To use inf2/trn1 instances with transformers-neuronx packages for serving models, generate a pytorch model as per above instructions. The transformers-neuronx currently supports the models listed here.

As prescribed on the neuronx documentation page, while the neuronx load API differs per model, it follows the same pattern.

  1. To serve transformers-neuronx models, first trace the model using save_pretrained_split() API on an inf2 instance (recommend inf2.24xl for Large Language Models).

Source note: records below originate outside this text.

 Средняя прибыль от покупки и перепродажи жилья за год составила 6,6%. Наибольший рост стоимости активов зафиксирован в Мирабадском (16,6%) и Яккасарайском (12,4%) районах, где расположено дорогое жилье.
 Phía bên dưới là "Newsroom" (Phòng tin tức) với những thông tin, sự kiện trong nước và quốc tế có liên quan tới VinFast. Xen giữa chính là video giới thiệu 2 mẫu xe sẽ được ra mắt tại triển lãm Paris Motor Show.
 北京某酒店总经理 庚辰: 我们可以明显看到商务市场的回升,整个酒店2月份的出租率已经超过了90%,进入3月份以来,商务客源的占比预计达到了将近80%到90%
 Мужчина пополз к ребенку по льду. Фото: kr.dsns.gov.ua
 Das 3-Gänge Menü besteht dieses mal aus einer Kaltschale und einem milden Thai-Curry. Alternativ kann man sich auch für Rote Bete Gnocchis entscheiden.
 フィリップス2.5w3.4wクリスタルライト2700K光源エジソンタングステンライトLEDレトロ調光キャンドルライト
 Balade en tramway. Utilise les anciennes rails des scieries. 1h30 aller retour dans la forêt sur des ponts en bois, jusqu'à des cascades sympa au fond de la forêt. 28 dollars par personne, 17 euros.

Following that, package the folder as the ‘–compiled_model’ when using gen_triton_model.py file.

  2. The following tree shows a sample model structure for OPT model:

opt/
├── 1
│   └── model.py
├── opt-125m-model
│   └── pytorch_model.bin
└── opt-125m-tp12
    ├── FullyUnrolled.1814.1
    │   ├── penguin-sg0000
    │   └── sg00
    ├── FullyUnrolled.1814.2
    │   ├── penguin-sg0000
    │   └── sg00
    ├── FullyUnrolled.1814.3
    │   ├── penguin-sg0000
    │   └── sg00
    ├── FullyUnrolled.1814.4
    │   ├── penguin-sg0000
    │   └── sg00
    └── FullyUnrolled.1814.5
        ├── penguin-sg0000
        └── sg00
  ├── config.pbtxt
  1. Add the following imports (e.g., for OPT model). The import will differ as per the model you’re trying to run.

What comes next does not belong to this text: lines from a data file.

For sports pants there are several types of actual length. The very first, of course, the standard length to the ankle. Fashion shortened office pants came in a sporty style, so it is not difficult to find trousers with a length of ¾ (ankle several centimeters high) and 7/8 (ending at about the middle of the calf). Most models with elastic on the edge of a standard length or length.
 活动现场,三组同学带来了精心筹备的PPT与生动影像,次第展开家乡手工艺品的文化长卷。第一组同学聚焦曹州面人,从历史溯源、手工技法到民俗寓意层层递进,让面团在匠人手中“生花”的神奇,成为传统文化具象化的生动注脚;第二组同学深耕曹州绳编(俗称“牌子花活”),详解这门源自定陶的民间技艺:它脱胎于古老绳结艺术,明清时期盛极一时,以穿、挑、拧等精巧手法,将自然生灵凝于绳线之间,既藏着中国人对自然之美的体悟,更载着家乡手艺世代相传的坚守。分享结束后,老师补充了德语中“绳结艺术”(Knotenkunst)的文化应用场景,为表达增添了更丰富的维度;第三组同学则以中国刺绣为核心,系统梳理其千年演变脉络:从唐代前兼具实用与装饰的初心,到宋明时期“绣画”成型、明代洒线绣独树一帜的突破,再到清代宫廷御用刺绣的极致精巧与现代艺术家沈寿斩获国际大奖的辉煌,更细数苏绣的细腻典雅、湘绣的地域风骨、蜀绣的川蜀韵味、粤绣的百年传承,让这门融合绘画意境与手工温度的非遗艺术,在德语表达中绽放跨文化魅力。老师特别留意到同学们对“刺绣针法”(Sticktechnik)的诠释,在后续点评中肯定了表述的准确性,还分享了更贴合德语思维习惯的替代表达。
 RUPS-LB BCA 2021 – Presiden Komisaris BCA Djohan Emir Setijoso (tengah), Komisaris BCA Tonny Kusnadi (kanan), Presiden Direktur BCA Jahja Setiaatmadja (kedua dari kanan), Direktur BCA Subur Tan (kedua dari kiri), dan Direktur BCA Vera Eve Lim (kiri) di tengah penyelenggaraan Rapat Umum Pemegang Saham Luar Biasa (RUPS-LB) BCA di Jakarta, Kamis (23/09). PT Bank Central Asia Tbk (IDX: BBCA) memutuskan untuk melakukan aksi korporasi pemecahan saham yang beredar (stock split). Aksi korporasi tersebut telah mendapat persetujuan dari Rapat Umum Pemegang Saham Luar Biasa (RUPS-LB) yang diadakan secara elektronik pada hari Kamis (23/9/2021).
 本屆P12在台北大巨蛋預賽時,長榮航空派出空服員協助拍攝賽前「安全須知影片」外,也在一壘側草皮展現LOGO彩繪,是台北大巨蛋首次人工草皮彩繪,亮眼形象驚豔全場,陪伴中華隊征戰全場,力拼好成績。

from transformers_neuronx.opt.model import OPTForSampling
  1. Add the following lines in initialize() function. Set the batch_size, tp_degree, n_positions, amp and unroll args as per your requirement. tp_degree should typically match the number of neuron cores available on inf2 instance.

batch_size = 1
tp_degree = 12
n_positions = 2048
amp = 'bf16'
unroll = None
self.model_neuron = OPTForSampling.from_pretrained(compiled_model, batch_size=batch_size, amp=amp, tp_degree=tp_degree, n_positions=n_positions, unroll=unroll)
self.model_neuron.to_neuron()

self.model_neuron.num_workers = num_threads

You may also chose to add the batch_size etc. arguments to config.pbtxt as parameters and read them in the initialize() function similar to --compiled-model.

  1. Finally, in the execute() function, use the following API to run the inference:

batched_results = self.model_neuron.sample(batched_tensor, 2048)

Above, 2048 is a sufficiently-long output token. It may also be passed in as one of the inputs if you wanto specify it as part of the payload.

  1. Proceed to load the model, and submit the inference payload similar to any other triton model.